As for his own industry, Hiraiwa foresees increased reliance on nuclear power. ''Before the oil shock, fuel constituted only 20 percent of our total costs. Now it eats up 50 percent,'' he said. ''Another 25 percent goes to capital expenditures and the remaining 25 percent to labor. Nuclear-generated electricity costs 60 percent of oil-generated electricity.''

The ultimate cost of nuclear power has not been worked out, ''but I do not expect these costs to be excessive,'' the president said. Tokyo Electric has a nuclear generating capacity of 5,796 megawatts, running at 70 percent of capacity. (The average for Japan last year was 60 percent.) The utility plans to install another 4,400 megawatts of nuclear capacity by 1990. By then, nearly one-third of its power will be nuclear-generated.

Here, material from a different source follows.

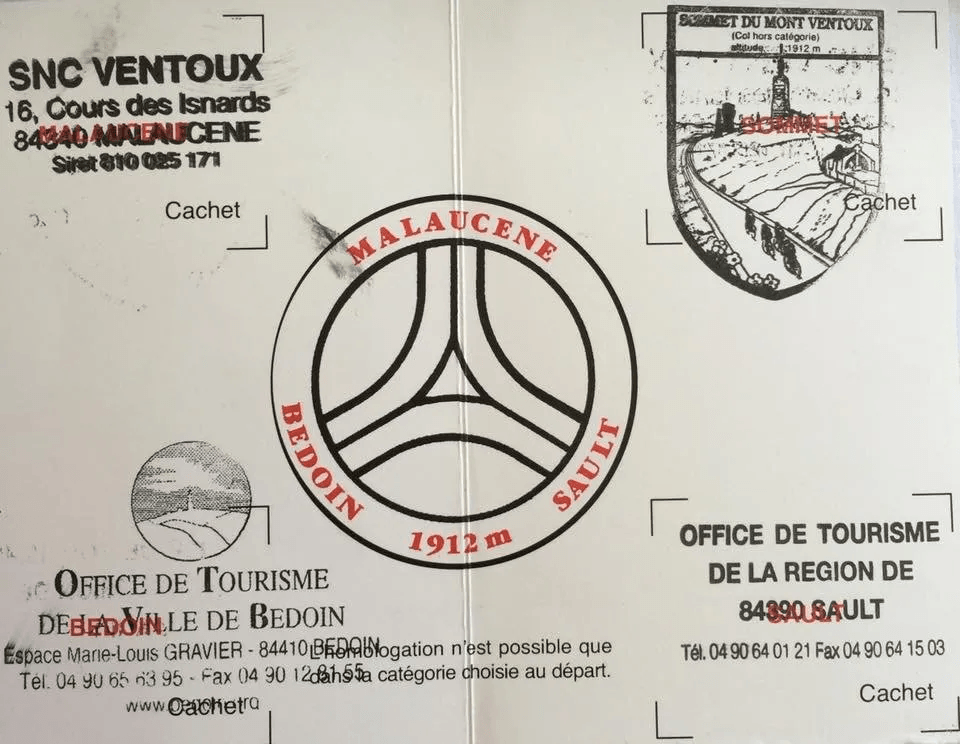 Last year with my son Jed rode the 'Cingles du Mont Ventoux' the 3 ascents From Bedoin, Malaucene and Sault . Rode the 135km, 4400m ascent in 7hr 15m. Now we are official members of 'Club des Cingle du Mont Ventoux'. http://www.clubcinglesventoux.org/

The utility will look to hydroelectric power and liquefied natural gas for another third of its electricity, and to oil and coal for the rest, Hiraiwa said. Since power stations require 10 to 15 years from plan to realization, capital investment must continue year after year regardless of business cycles. But this year, Hiraiwa said, the company cut its original investment plan to spend 1.4 trillion yen to 1.24 trillion yen ($4.96 billion).

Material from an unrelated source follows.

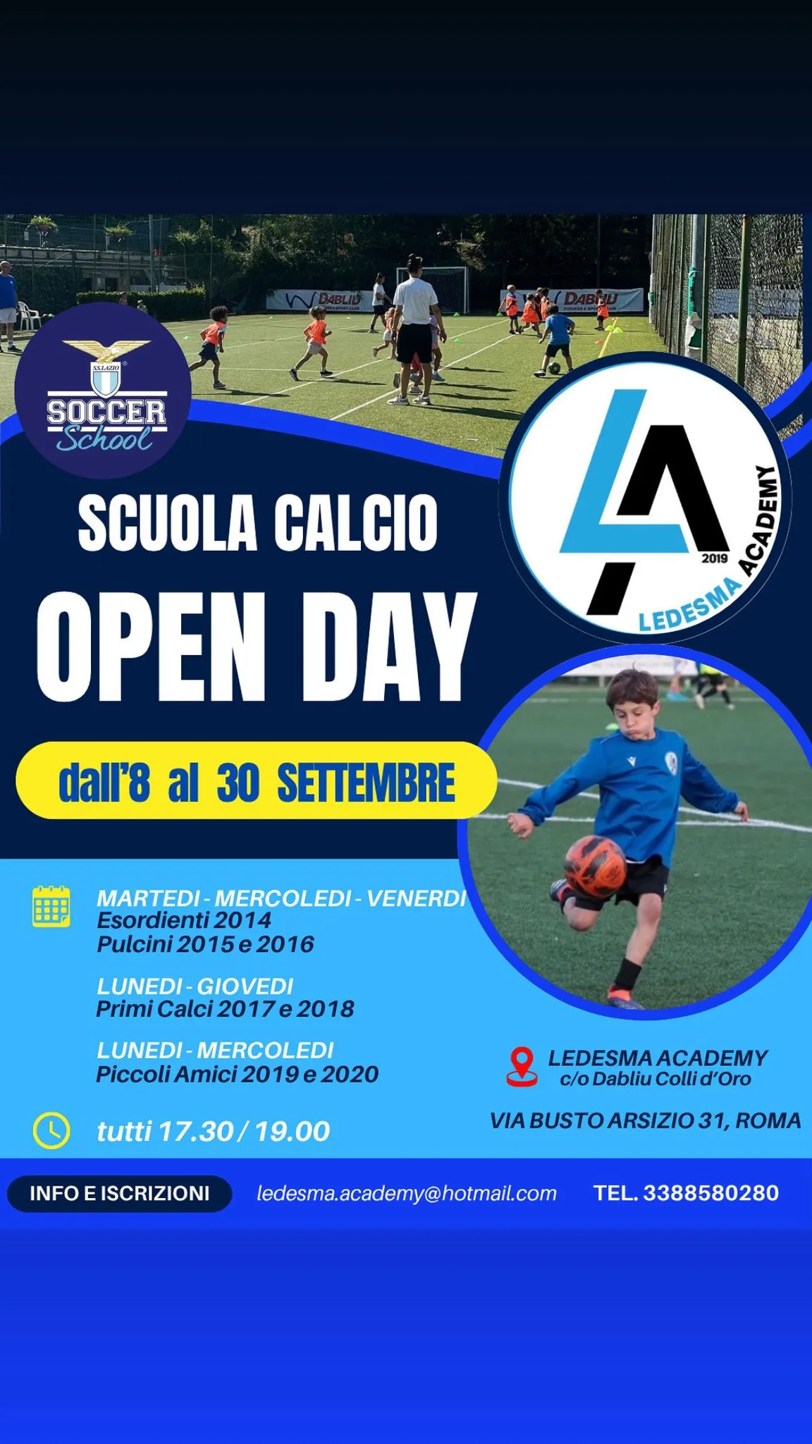 La Ledesma Academy è un club regolarmente affiliato a FIGC , LND , CONI ed è riconosciuta Club di 3^ Livello da parte della Federazione. Da questa stagione sportiva è direttamente legata alla SS Lazio, infatti è già annoverata tra le più importanti Lazio Soccer School.

Decisionmaking at Tokyo Electric rests in the hands of a supreme council composed of the president and six executive vice-presidents. Below this is the managing directors council. Items taken up by the supreme council are passed on to this group before being carried out. Decisions percolating up from below, through the so-called ringi system in which a piece of paper is passed around and each level stamps its seal on it, are mostly routine, Hiraiwa said. Investment plans, raising utility fees, and cost-cutting plans are all matters for the supreme council to decide.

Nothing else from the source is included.